-Re: HDFS Sink Question
David Sinclair 2013-10-04, 14:42
Thanks Devin. I have looked at the source I can absolutely say for certain
that the connection is never re-established because there is no code that
detects that type of error.
What I was looking for from the devs was confirmation on my findings and
any work arounds besides writing my own HDFS Sink.
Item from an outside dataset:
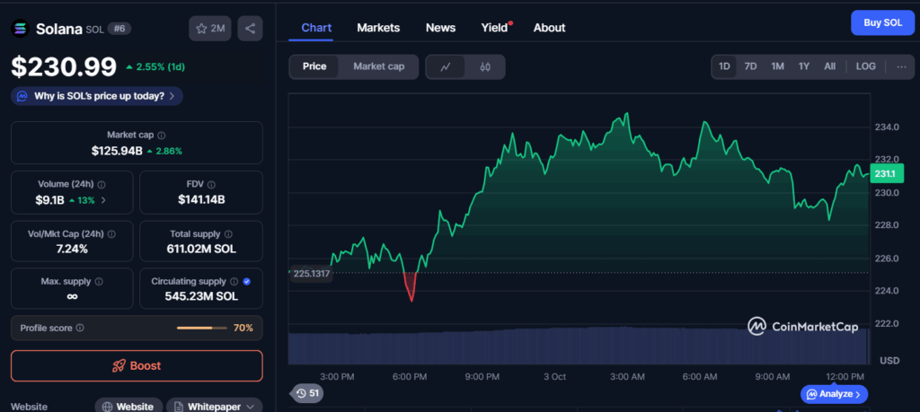 Tracking the ongoing price trend at the time of press, a CoinMarketCap report on the daily performance reveals that Solana traded at $230.99 with a daily gain of 2.55% in the latest session. Its market capitalization reached $125.94 billion, advancing 2.86% during the same period. Trading volume stood at $9.1 billion within 24 hours, marking a 13% rise.

Not having this recovery gracefully is a pain and may prevent us from using
On Fri, Oct 4, 2013 at 9:21 AM, DSuiter RDX <[EMAIL PROTECTED]> wrote:
> In experimenting with the file_roll sink for local logging, I noticed that
> the file it wrote to was created when the agent starts. If you start the
> agent, then remove the file, and attempt to write, there is no new file
> created. Perhaps HDFS sink is similar, in that when the sink starts, the
> destination is established, and then if that file chain is broken, Flume
> cannot gracefully detect and correct that. It may have something to do with
> how the sink is looking for the target? I'm not a developer for Flume, but,
> that is my observed behavior on file roll. I am working through kinks in
> hdfs sink with remote TCP logging from rsyslog right now...maybe I will
> have some more insight for you in a few days...
> *Devin Suiter*
> Jr. Data Solutions Software Engineer
> 100 Sandusky Street | 2nd Floor | Pittsburgh, PA 15212
> Google Voice: 412-256-8556 | www.rdx.com
> On Fri, Oct 4, 2013 at 9:08 AM, David Sinclair <
> [EMAIL PROTECTED]> wrote:
>> This is what I am seeing for the scenarios I asked, but wanted
>> confirmation from devs on expected behavior.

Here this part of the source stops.